Lord Sumption and Lord Clarke gave dissenting judgments. Lord Sumption considered that the test for identifying the categories of adviser LAP could apply to was a functional one and that any distinction between lawyers and accountants who were both supplying the same skilled legal tax advice was both irrational and inconsistent with the legal basis of privilege. Lord Sumption said that LAP is a substantive right of the client which protects a client’s freedom of action when dealing with their legal advisers. Its availability does not depend on the adviser’s status, provided that the advice is given in a professional context.

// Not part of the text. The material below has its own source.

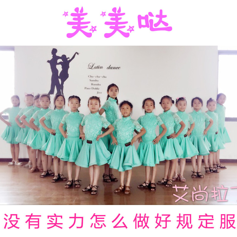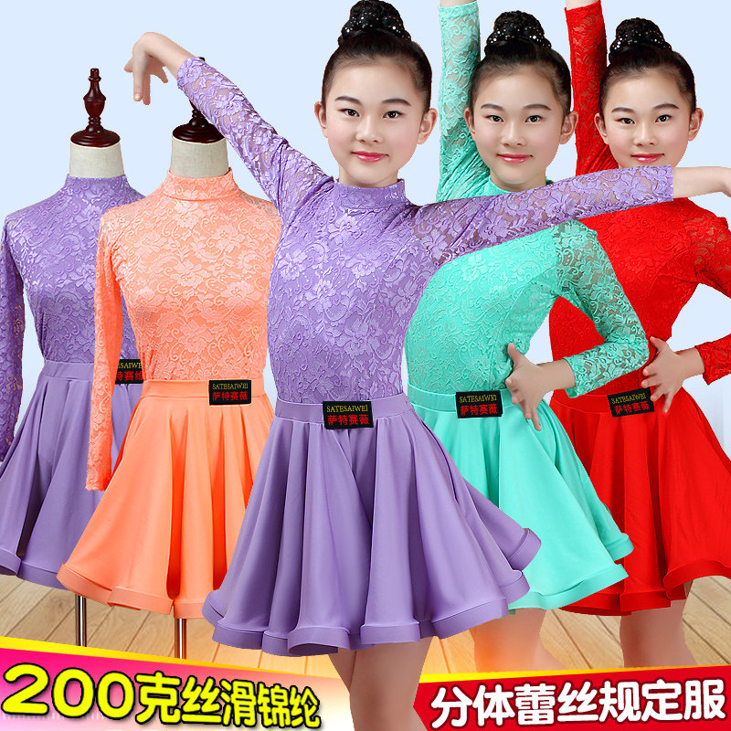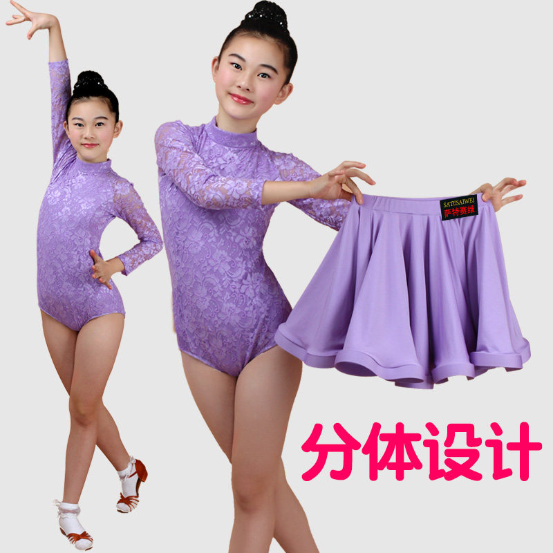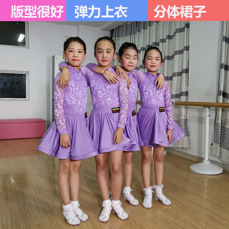 儿童女拉丁舞裙女童大童紫色连体训练春夏季新款蕾丝短袖比赛服

Lord Sumption considered that the strongest argument for leaving the issue to Parliament to deal with was the argument at 3 above, ie that Parliament has legislated in this field on a number of occasions on the assumption that LAP only applies to advice given by lawyers (and indeed Parliament has considered on a number of occasions extending LAP to advice given by accountants, but has declined to do so). However, he concluded that this did not require the Court to refrain from giving a principled answer to the question. His main reasons were:

  1. LAP is a creation of the common law, not Parliament.

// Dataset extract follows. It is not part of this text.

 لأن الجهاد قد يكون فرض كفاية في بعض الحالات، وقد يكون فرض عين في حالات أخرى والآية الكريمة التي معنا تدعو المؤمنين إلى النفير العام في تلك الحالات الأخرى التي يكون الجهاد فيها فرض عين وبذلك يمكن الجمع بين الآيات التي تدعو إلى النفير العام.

  2. Provisions in statutes proceed on assumptions about the common law, as declared by the courts. These assumptions may or may not be precise and it is the function of the courts to continue to clarify and develop the common law.
  3. The assumptions Parliament has made as to the scope of LAP are now contrary to principle, out of date and discriminatory. The courts should rectify the situation and ensure that legal, commercial or social practice is properly reflected in the way the law is applied.
  4. The concerns about LAP getting out of hand should not be addressed by discriminating between different categories of advisers. It can be addressed by the courts scrutinising the circumstances in which LAP is claimed and, in extreme cases, professional disciplinary actions.

Lord Clarke agreed with Lord Sumption and noted that it was a ‘striking feature’ of the judgments that they all agree with what the common law is or should be if the issue is treated as one of principle.